Stephen C. Patrick, Chair
Daniel W. Duval
Gail Hamilton
Richard S. Hill
M.F. (Fran) Keeth
Roger King
Barry W. Perry
PRINCIPAL ACCOUNTING FIRM FEES
     The aggregate fees billed by Arrow’s principal accounting firm, Ernst & Young LLP, for auditing the annual financial statements and the company’s internal controls over financial reporting under Section 404 of the Sarbanes-Oxley Act and related regulations included in the Form 10-K, the reviews of the quarterly financial statements included in the Forms 10-Q, statutory audits, assistance with and review of documents filed with the SEC and consultations on various accounting and reporting matters for each of the last two fiscal years are set forth as “Audit Fees” in the table below.

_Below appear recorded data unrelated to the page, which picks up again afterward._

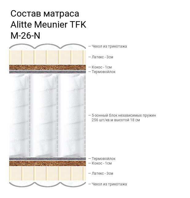 Матрас Alitte Meunier TFK M-26-N, Размер 135х215 см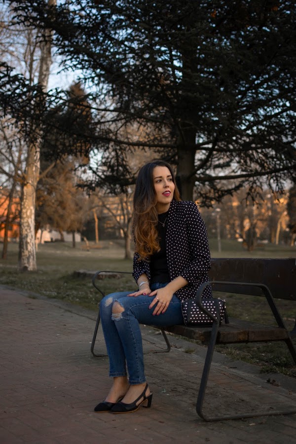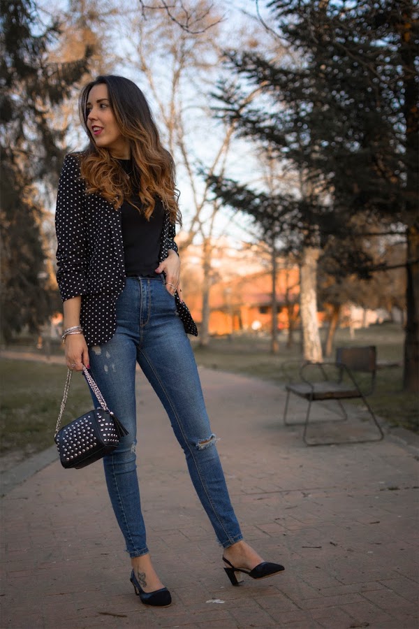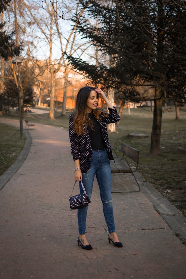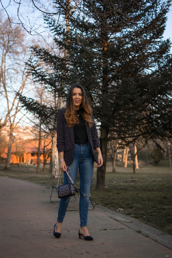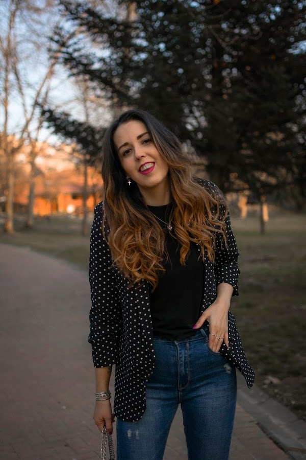 Que los lunares son tendencia, no es una novedad. Os lo contaba hace unos días por aquí donde os enseñaba una de mis propuestas de como llevarlos y hoy, vuelvo a llevarlos. Esta vez de un modo diferente y muy vistoso, pero también, con un aire elegante.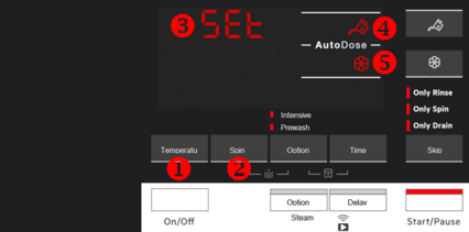 - Om naar de configuratiemodus te gaan, houdt u de temperatuur- (1) en de centrifugeknoppen (2) tegelijkertijd een paar seconden ingedrukt totdat het display "SET" (3) links op het display toont en een wasmiddel tank knippert (4) en wasverzachter tank (5) symbolen rechts op het display.

     Also set forth for the last two fiscal years are “audit-related” fees. Such fees are for services rendered in connection with business acquisitions, employee benefit plan audits, and other accounting consultations. Tax fees relate to assistance in tax return preparation and tax audits, and tax interpretation and compliance, in various tax jurisdictions around the world. Ernst & Young did not provide any services related to financial information systems design or implementation or personal tax work or other services for any of the company’s executive officers or members of the Board.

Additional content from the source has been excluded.